DATA PROVIDED: Begin

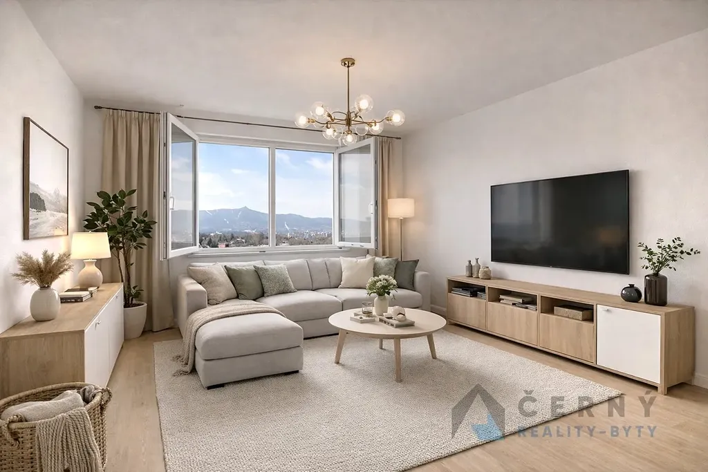 Z jedné strany bytu se otevírá panoramatický výhled na celé Ještědské pohoří, z druhé strany pak směrem na Jizerské hory, což vytváří jedinečný pocit prostoru a propojení s přírodou přímo z domova.
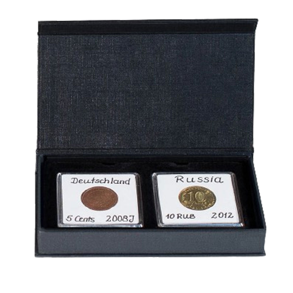 - Progettato per 2 capsule di monete quadrum: tiene e mette in mostra due capsule di monete quadrum.
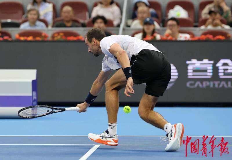 9月28日,北京,国家网球中心,2024中国网球公开赛男子单打第二轮,俄罗斯选手萨菲乌林在比赛中救球。中青报•中青网记者 曲俊燕/摄
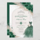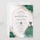 O convite perfeito para a quinceañera da sua filha está finalmente aqui! Este convite cômico e adorável da quinceañera apresenta um bonito vestido de princesa verde esmeralda, confete com brilho prateado e elementos florais de boho tropical. Clique no botão "personalizar mais" se quiser reorganizar e formatar o estilo e a posição do texto.
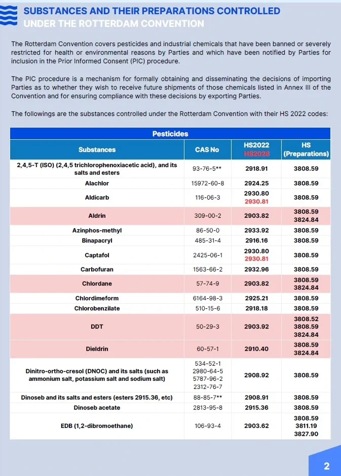This pocket list serves as a practical reference for identifying Harmonized System (HS) codes assigned to chemicals controlled under the Rotterdam and Stockholm Conventions.

DATA PROVIDED: End

Print only the lines from the first line of the data above through the one containing "9月28日,北京,国家网球中", exactly as they are, with pictures omitted.

 Z jedné strany bytu se otevírá panoramatický výhled na celé Ještědské pohoří, z druhé strany pak směrem na Jizerské hory, což vytváří jedinečný pocit prostoru a propojení s přírodou přímo z domova.
 - Progettato per 2 capsule di monete quadrum: tiene e mette in mostra due capsule di monete quadrum.
 9月28日,北京,国家网球中心,2024中国网球公开赛男子单打第二轮,俄罗斯选手萨菲乌林在比赛中救球。中青报•中青网记者 曲俊燕/摄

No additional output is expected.